Vol. 12 #26: Thursday, June 7, 2007
Calgary's News & Entertainment Weekly
FFWD Weekly
FILM
by SHAUN ENGLISH
Even low standards are too high for Rise
Lame vampire revenge flick will suck the life right out of you
>>REVIEW
RISE: BLOOD HUNTER
STARRING Lucy Liu and Robert Forester
DIRECTED BY Sebastian Gutierrez
Now playing
Check listings

Snakes on a Plane scribe, Sebastian Gutierrez, opts (unfortunately) for the director’s chair with his latest script, Rise: Blood Hunter – a muddled contribution to the vigilante vampire genre.

While Snakes’s campy premise and self-aware direction sat well with the escapism-hungry crowds of summer, Rise, with its pseudo-gothic script and shoddy production values, shamelessly asks to be taken seriously, and, in so doing, sets itself up for a mighty hard fall.

Along for the fall is Lucy Liu who, I rationalize, signed on to the project before actually reading the script. Liu plays Sadie Blake, a journalist who wakes up entombed in the city morgue, sporting nothing but a gashed throat and toe-tag. Upon discovering her immortal ways, Blake sets out, armed with a puny crossbow, to slay all those responsible for her injustice/death. A small parade of brazenly one-dimensional characters then enters and exits the picture, existing only for the convenience of a narrative so underdeveloped it’s insulting.

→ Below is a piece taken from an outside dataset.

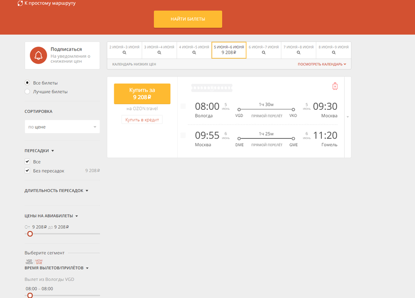 Вологда - Москва: около 5000р. Москва – Гомель: без пересадок примерно 4000.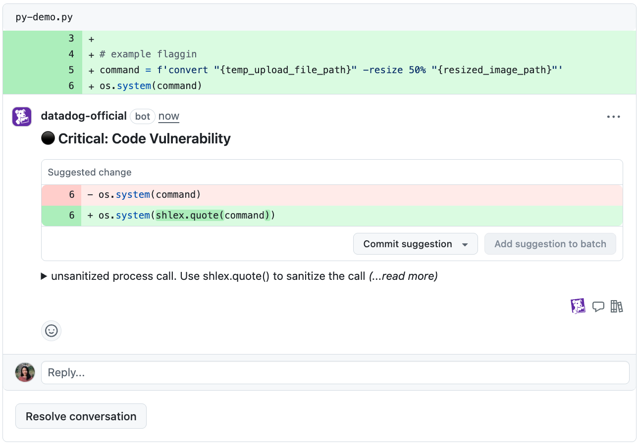 A Datadog bot has posted an inline comment on a GitHub pull request flagging a "Critical: Code Vulnerability". The comment suggests replacing the code os.system(command) with os.system(shlex.quote(command)) to sanitize the process call.

There’s a bit of an ironic twist in that the film’s obvious budgetary restrictions inadvertently produce its most innovative concept – vampires who possess none of the superhuman qualities (with the exception of immortality) so often attributed to them. Unfortunately, Gutierrez’s script refuses to embrace its low-budget roots and ignores completely the analogous potential of having these inherently selfish beings so closely removed from humans.

Instead, we’re offered a sloppy story derived from bigger (and better) films but lacking the effects, choreography and storytelling to adequately emulate them. A desperate editing room decision to break the linear narrative (by using an irrelevant sequence from the middle to open the film) is entirely superfluous and only highlights a lack of confidence in the source material.

Genre enthusiasts will be dismayed by the absence of any real insight into the world of vampirism – the rest of us will hate it for everything else.